- Release poster
- Directed by: Jamie Adams
- Written by: Jamie Adams
- Produced by: Tom George; Rebecca Long;
- Starring: Martin Freeman; Josh Hutcherson; Malin Akerman; Jess Weixler; Craig Roberts;
- Cinematography: Ryan Eddleston
- Edited by: Mike Hopkins; Matt Platts-Mills;
- Music by: Andy Burrows
- Production companies: Happy Hour Productions; Boudica Entertainment; Principal Film Finance;
- Distributed by: Cineverse
- Release date: 9 June 2026 (VOD);
- Country: United Kingdom
- Language: English

= Let's Love (film) =

British comedy film

Let's Love is a 2026 British comedy film from Jamie Adams, starring Martin Freeman, Josh Hutcherson, Malin Akerman, Jess Weixler and Craig Roberts.

==Premise==
Filmmakers and actors reunite in Wales to celebrate the ten-year anniversary of their hit film.

==Cast==
- Martin Freeman as Nigel
- Josh Hutcherson as Jackson
- Malin Akerman as Andrea
- Jess Weixler as Jess
- Craig Roberts
- Richard Elis
- Chloé Jouannet
- Mia Carragher

==Production==
The film is written and directed by Jamie Adams.

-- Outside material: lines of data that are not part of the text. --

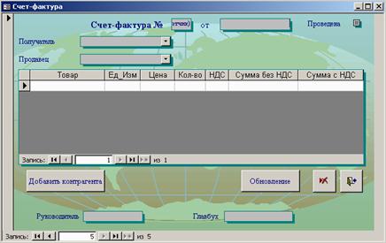При нажатии кнопки «Формирование счет-фактуры» открывается форма «Счет-фактура», которая представлена на рисунке Б.5. Чтобы сформировать новую счет-фактуру, необходимо ввести следующие реквизиты: получатель, продавец, наименование товара и его характеристики. Затем рассчитать сумму, нажав кнопку «Обновление», и провести документ.
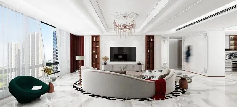 客廳整體空間為淺色系,線條簡(jiǎn)潔硬朗,奠定了空間低調(diào)的質(zhì)感、優(yōu)雅的基調(diào)。天然的理石以及法式的花邊元素,而更像是一種法式精致生活方式的生動(dòng)呈現(xiàn)。
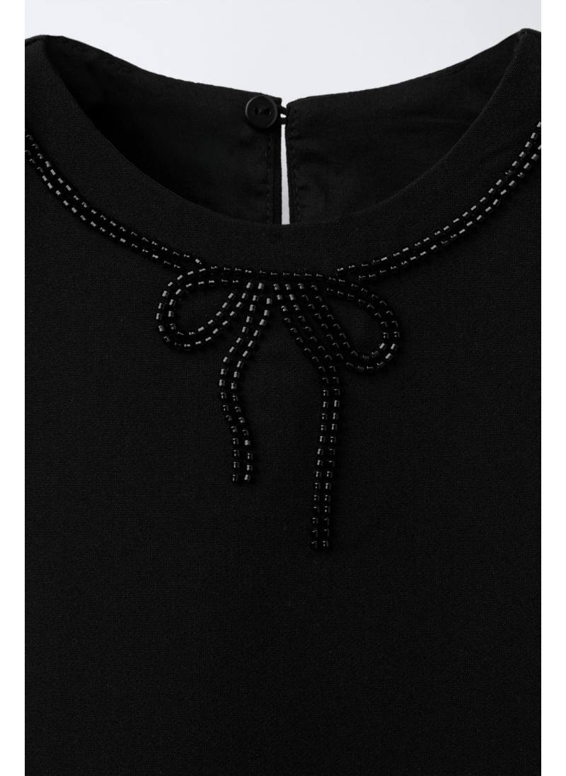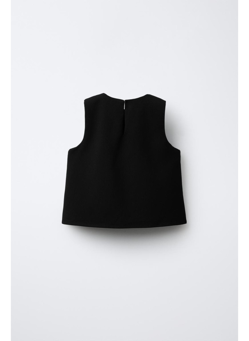 Топ с круглым вырезом и безрукавным дизайном. Спинка с трапециевидным вырезом и пуговицей сзади. Аппликация банта с бисером на груди. Тонкая внутренняя подкладка.
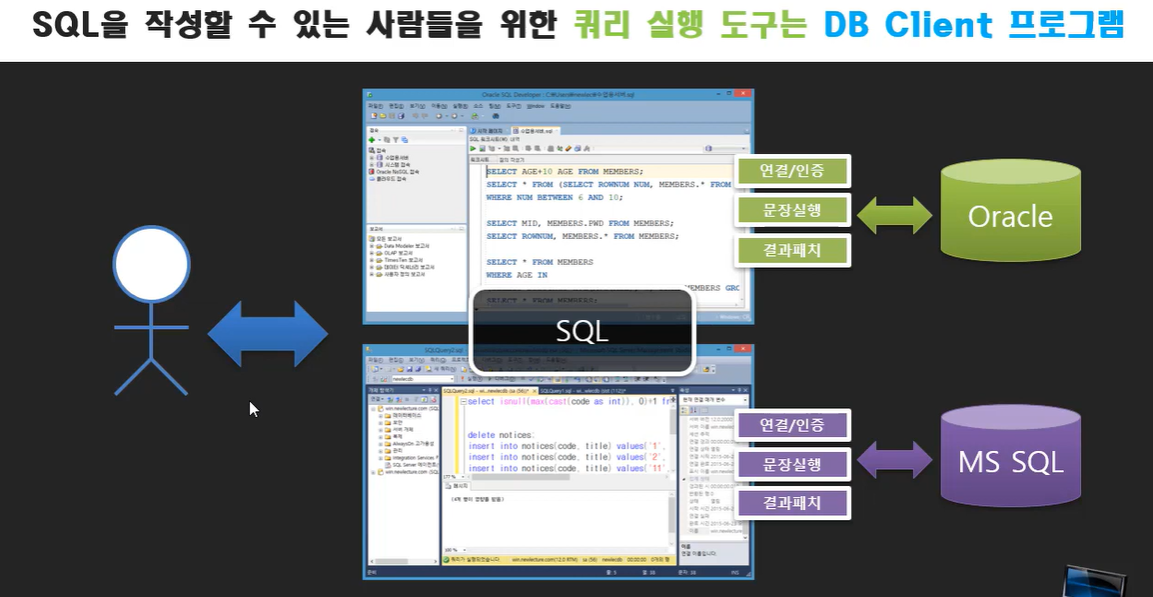 SQL으로 변환이 되고 사용자가 원하는 정보를 가져온다.
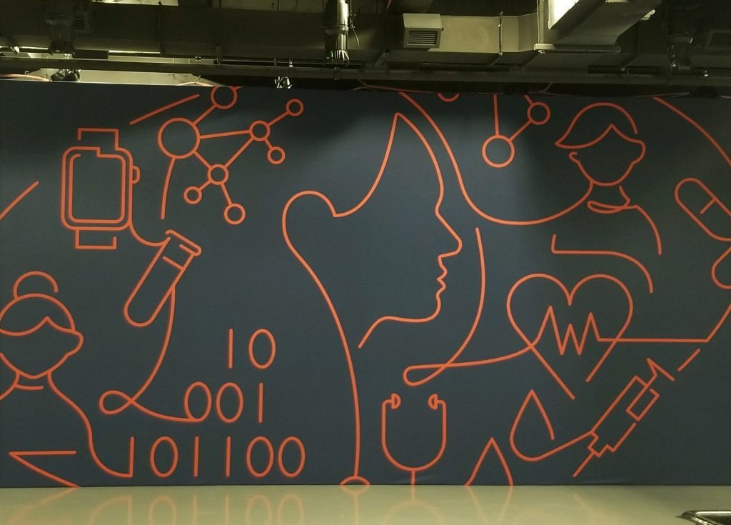 Seamless graphic print AV-Drop modular backdrop with dual screens printed in for corporate event
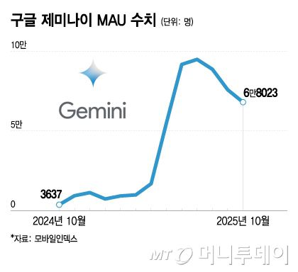 다만 구글 제미나이는 해외 시장에서 챗GPT의 아성을 위협하는 존재로 거듭나고 있다. 순다르 피차이 구글 CEO는 지난달 말 3분기 실적 발표에서 제미나이의 글로벌 MAU가 6억5000만명을 기록해 전분기(4억5000만명) 대비 2억명 증가했다면서 '나노 바나나' 출시에 힘입었다고 밝혔다. 이는 챗GPT(약 10억명 추정)에 이어 전 세계 두 번째다.
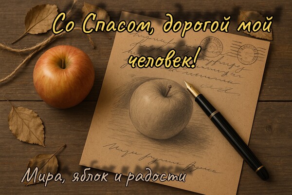 - С Яблочным Спасом! Пусть жизнь будет такой же сладкой, как спелое яблоко, а в доме — мир, тепло и свет.
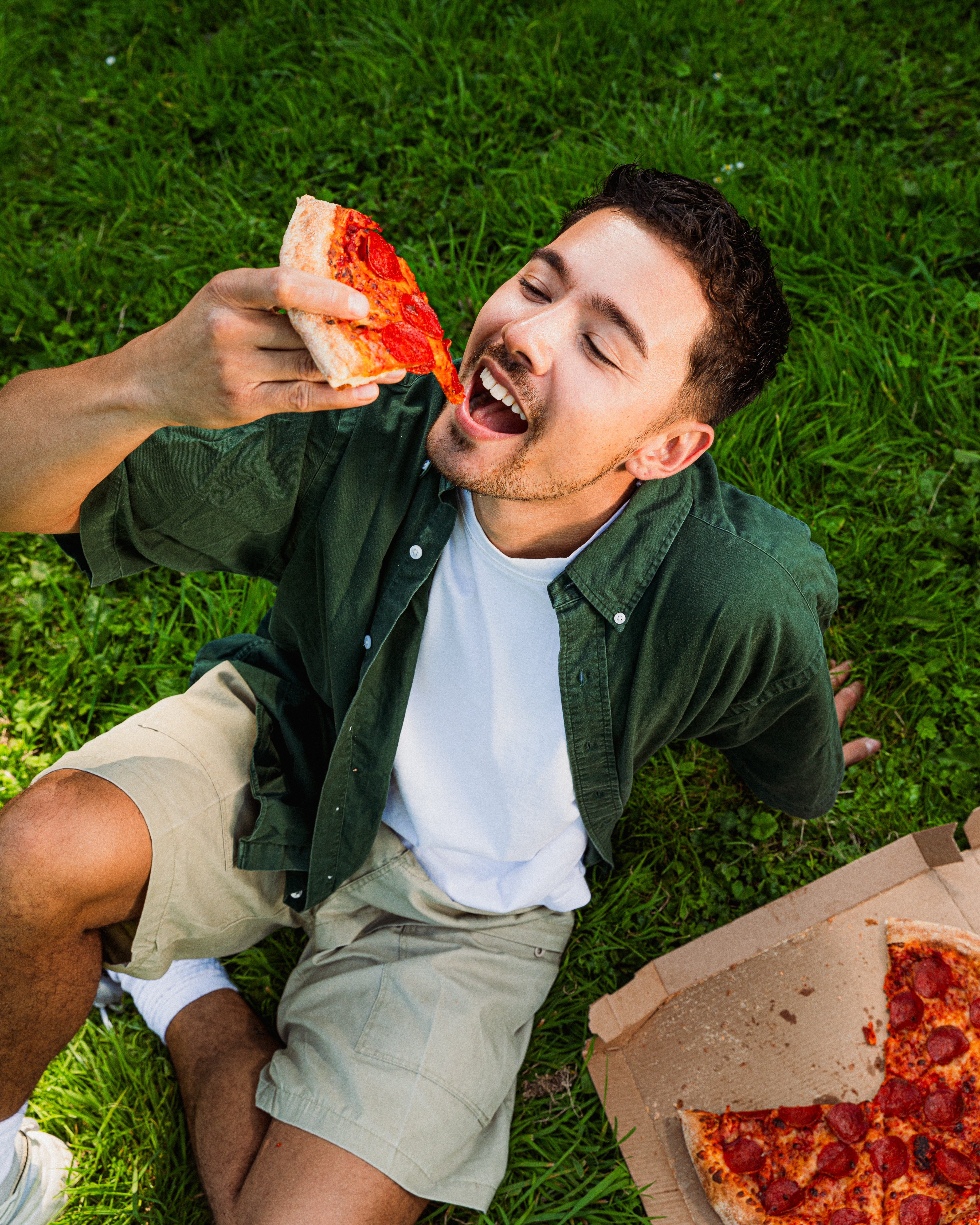 With this pizza shoot, it was all about fun, the kind of fun that comes from grabbing a slice at the park with your friends on a warm day.
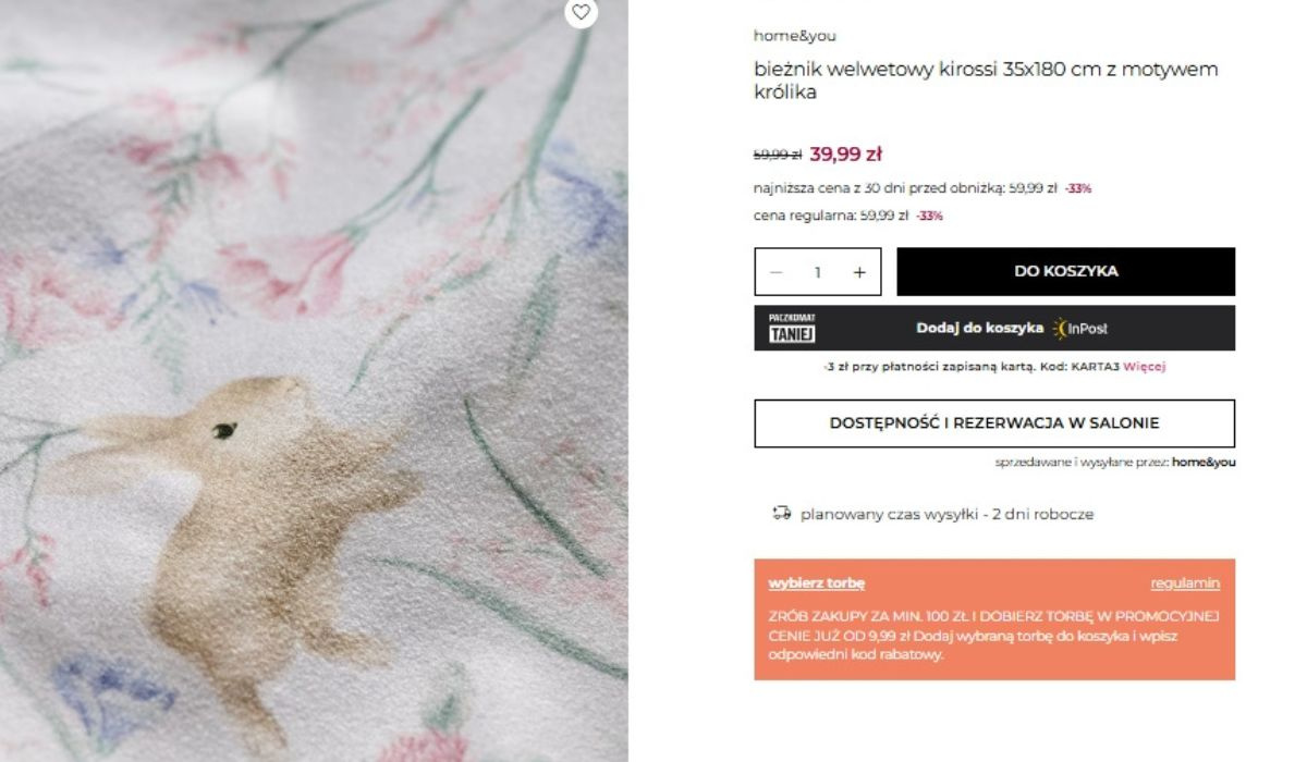 Home&You wyprzedaje welwetowy bieżnik z wielkanocnym wzorem 33% taniej i trudno się dziwić, że znika z półek. Ten model od razu przyciąga spojrzenia

It is produced by Tom George and Rebecca Long, Happy Hour Productions and Boudica Entertainment in association with Principal Film Finance.

The dialogue in the film is largely improvised by the cast which is led by Martin Freeman, Craig Roberts, Josh Hutcherson, Malin Akerman and Jess Weixler with Mia Carragher.

Principal photography took place in Wales in 2024. Filming locations include Cardiff, the Brecon Beacons, Porthcawl and at Dragon Studios in Bridgend.

==Release==
Let's Love was released on video on demand on 9 June 2026.